Celebrate reviewer wins (e.g., time saved, reduced rework) to demonstrate value.
Leveraging Internal Champions
Designate respected reviewers or functional leads to serve as AI champions across Medical, Legal, and Regulatory teams.
Host internal forums for early adopters to share learnings and showcase use cases.
Ensure leadership alignment across functions to prevent fragmentation of adoption strategies.
Capturing Lessons from Cross-Functional Pilots
Conduct retrospectives after each pilot to capture what worked and what didn't.
Create structured feedback loops that translate reviewer insights into AI model or workflow improvements.
Codify pilot learnings into updated SOPs or operating manual, reviewer training materials, and onboarding programs.
Infrastructure for monitoring and feedback: Enterprise readiness also means having the ability to track model performance, flag inaccuracies, and incorporate reviewer feedback to improve models continuously. This helps close the quality and compliance gap.
Governance frameworks that scale: AI governance must evolve from pilot-level oversight to enterprise-level standards. These standards should cover explainability, traceability, accountability, and role-based permissions.

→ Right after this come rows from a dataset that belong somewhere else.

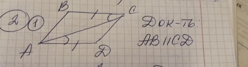 Угол А = Угол С, как накрест лежащие углы при параллельных прямых. Из этого: в треугольнике АСD угол А = угол С, как внутренние односторонние углы и в треугольнике АBC угол А = угол С, как внутренние односторонние углы, значит угол А = угол С; ∆ АВС= ∆АСD.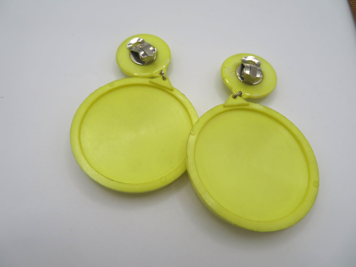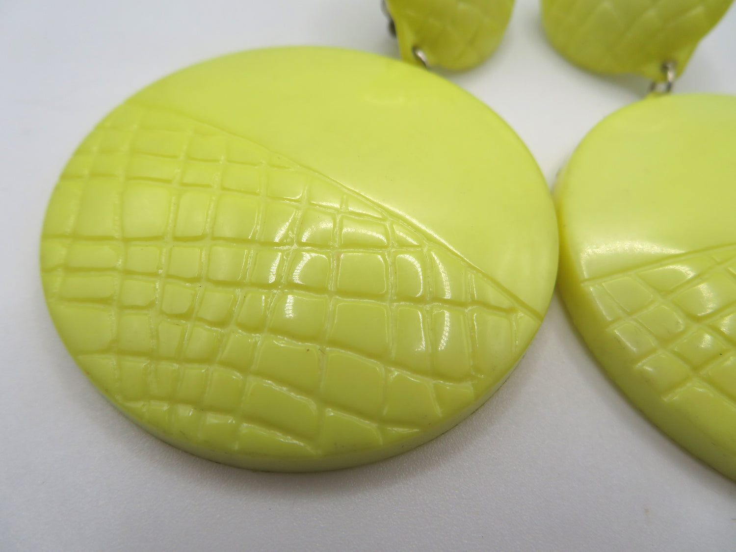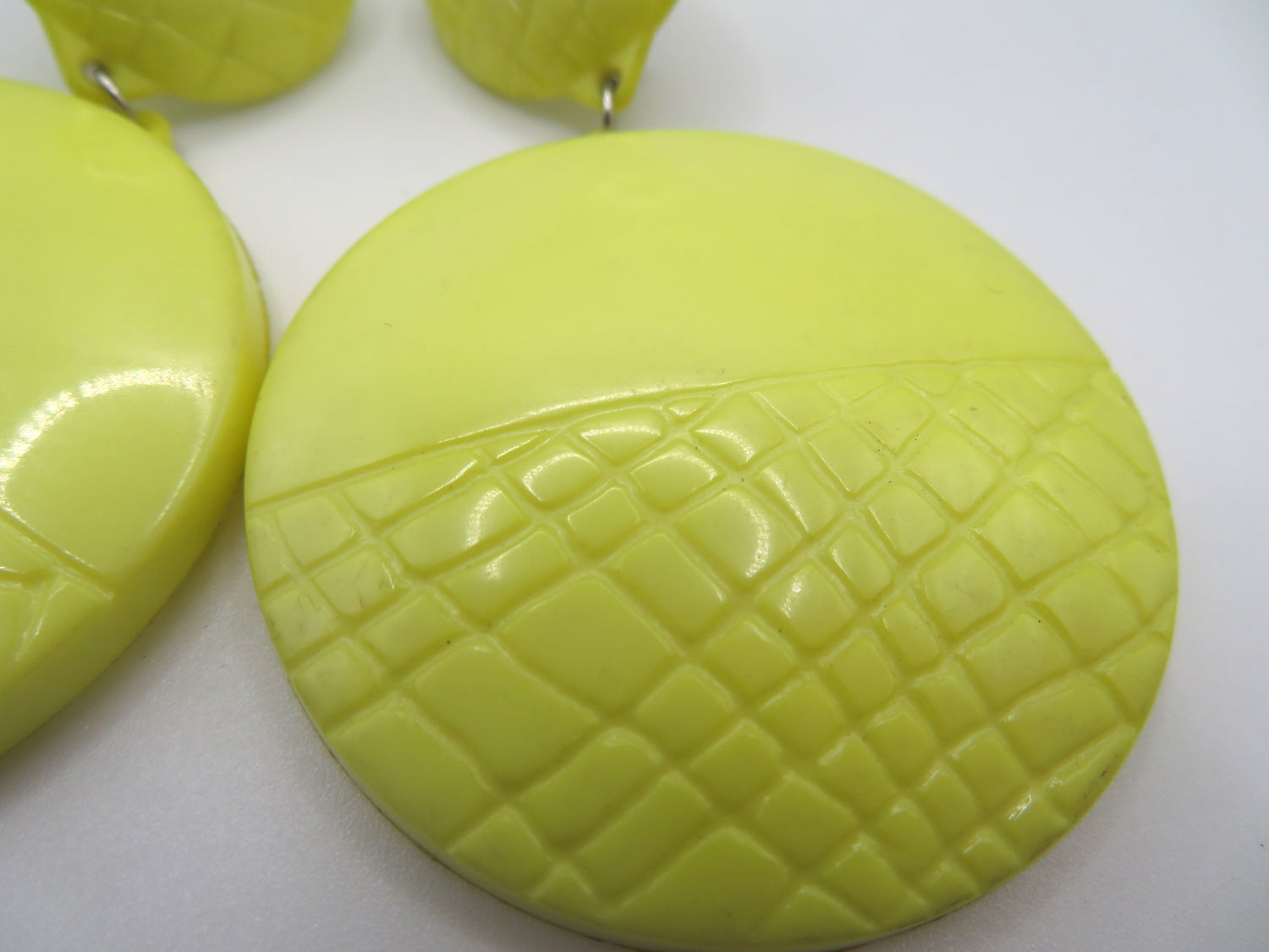 Vintage Huge Butter Yellow Quilted Circles Clip On Earrings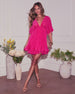 A playful yet sophisticated showstopper can be found right here with the Happy Vibes Plunging Neckline Mini Dress. Featuring a pleated semi-sheer fabric overlay with a subtle sheen, this dress catches the light in all the right ways. The plunging neckline adds a daring touch, while the draped pleated sleeves and ruffle hem create a flowy, feminine silhouette. Whether you’re headed to a garden party or a rooftop brunch, this dress delivers major feel-good energy.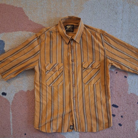 Garment dyed. Single stitch.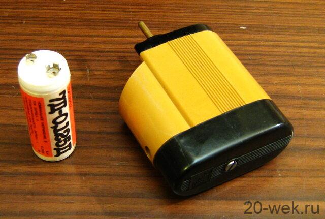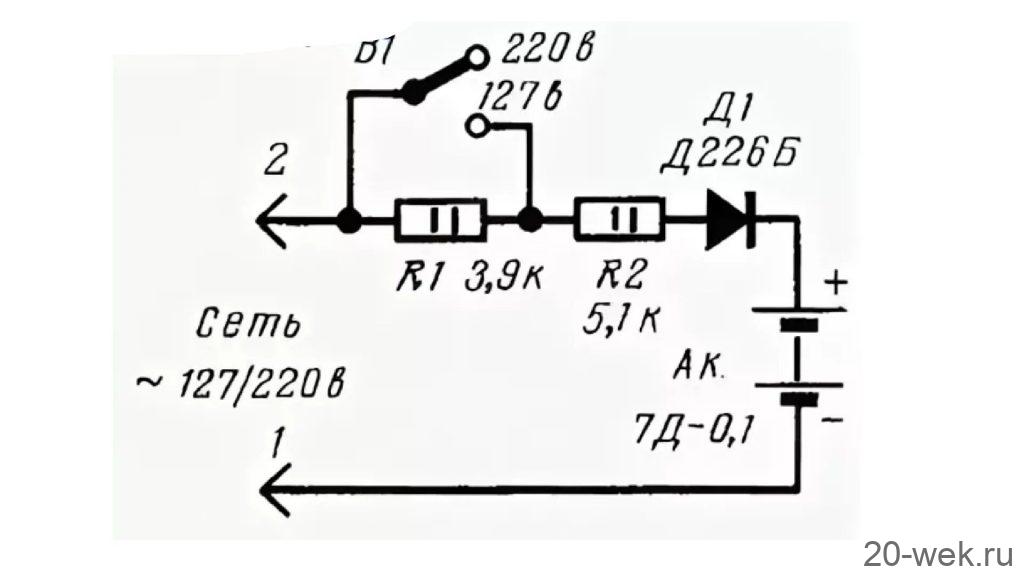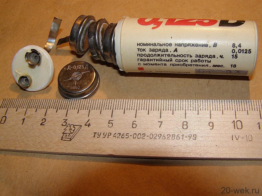 7Д-0,1 - это единственная аккумуляторная батарея напряжением близким к 9В выпускавшаяся в СССР. И самое интересное, что такие аккумуляторы, судя по всему выпускаются до сих пор, по непроверенной информации ОАО "Аккумуляторная компания "Ригель" выпускает 7Д-0,125Д. И судя по тому, что буква "Д" написана латиницей это может быть правдой, в СССР латиницей не писали. Хотя возможно это "перестроечные" шутки производителя. Циферки после тире, в названии, обозначали емкость. Были 7Д-0,1, 7Д-0,115, 7Д-0,125. Характеристики: номинальная ёмкость — 125 мА-ч; номинальное напряжение — 8, 4 В; ток разряда — 12, 5 мА (рекомендуемый — 10-20 мА, максимальный — 30 мА); конечное разрядное напряжение — 7 В; ток заряда — 12, 5 мА; время заряда — 15 часов; конечное зарядное напряжение — 10, 5 В; габаритные размеры — диаметр 23, 2 мм., высота 58 мм. без контактов; масса — 53 грамма; срок службы — 400-500 циклов; оптимальная рабочая температура — 5-35°С. Такими аккумуляторами иногда комплектовались некоторые радиоприемники, например Селга, и конечно их можно было купить в розницу. Продавались аккумуляторы в комплекте с зарядным устройством или отдельно. Если батарея продавалась отдельно, нужно было искать специальное зарядное для нее. И батареи и зарядные устройства были в Советское время достаточно дефицитны. Зарядное устройство было катастрофически простое: два резистора и диод. Иногда можно было встретить зарядное с переключателем напряжения сети, как на схеме ниже. Естественно радиолюбители не обошли стороной зарядное, проблема дефицита, да и простота заводского изделия... В журнале Радио было опубликовано несколько вариантов схем. Сам аккумулятор внутри состоял из других аккумуляторов, поменьше. Внутри находилось 7 штук дисковых Д-0,125 или Д-0,115. Были еще Д-0,1, но я такие в живую не встречал.

Organizations should focus first on augmenting human reviewers with AI-driven efficiencies while laying the foundation for more advanced, selective automation. To operationalize this approach, organizations can adopt a roadmap that gradually increases MLR review automation maturity in alignment with governance readiness and team confidence:
| Build Readiness [Do Now] | Operationalize at Scale [Do Next] | Embed Intelligence - Future Vision (3 to 5 Years Out) |
|---|---|---|
| Quick wins to improve MLR efficiency with minimal disruption: | Lay the groundwork for scaled deployment: | Designing a truly adaptive, scalable, and intelligent MLR model: |
| Identify low-risk, repeatable tasks (e.g., terminology checks, version control) suitable for AI augmentation. Example action: Run a 90-day pilot focused on automated version checks in one brand team. | Integrate AI tools directly into submission workflows and content management platforms. Example action: Connect AI-enabled risk triage module to your content management system. | MLR teams orchestrate end-to-end content flow using AI-assisted triage and intelligent routing. Example action: Implement AI that auto-routes content based on risk level, content type, and past reviewer feedback. |
| Establish cross-functional AI governance working groups (Medical, Legal, Regulatory, IT). Example action: Set up bi-weekly governance syncs with representatives from each function. | Standardize risk-tiering models and escalation protocols across therapeutic areas. Example action: Build a risk scoring matrix aligned with global content types and therapeutic areas. | Real-time compliance checks run in parallel to modular content development, enabling faster approvals. Example action: Deploy AI agents that check compliance language during real-time content authoring. |
| Pilot AI tools in narrow therapeutic areas or content types, with strict human-in-the-loop oversight. Example action: Test AI-based claim annotation in one content type (e.g., email templates). | Expand human-AI collaboration to support pre-review, risk triage, and metadata enrichment at scale. Example action: Deploy AI to auto-tag content with metadata for faster intake and triage. | Enterprise-level governance frameworks support continuous learning, feedback loops, and adaptive thresholds. Example action: Create a cross-functional AI feedback council to fine-tune model parameters quarterly. |
| Develop clear "AI Collaboration Zone" that define when and how AI can be applied within existing MLR workflows. Example action: Map a swimlane chart marking approved AI intervention points within the MLR process. | Use performance dashboards to monitor reviewer AI interactions and track compliance signals. Example action: Launch a dashboard tracking AI usage, override frequency, and flagged issues. | AI models are trained on historical decision data, product nuance, and risk profiles for context-aware decision support. Example action: Fine-tune AI models using archived review comments and approval outcomes from the past 3 years. |
| Begin AI literacy and change management training for reviewers to foster early adoption. Example action: Host an AI literacy workshop series for MLR reviewers and brand teams. | Update SOPs and documentation to reflect AI-enhanced workflows and governance thresholds. Example action: Create a revised SOP annex that defines roles, auditability, and compliance checks for AI-assisted reviews. | Medical Affairs, Legal, and Regulatory operate within shared digital ecosystems that embed AI guidance at each step of the review process. Example action: Enable modular content reviews where AI validates scientific claims against an approved library in real time. |
As MLR review becomes more central to commercial agility and compliance integrity, the role of AI will only grow. But this growth must be guided by a clear-eyed understanding of what AI can and cannot do.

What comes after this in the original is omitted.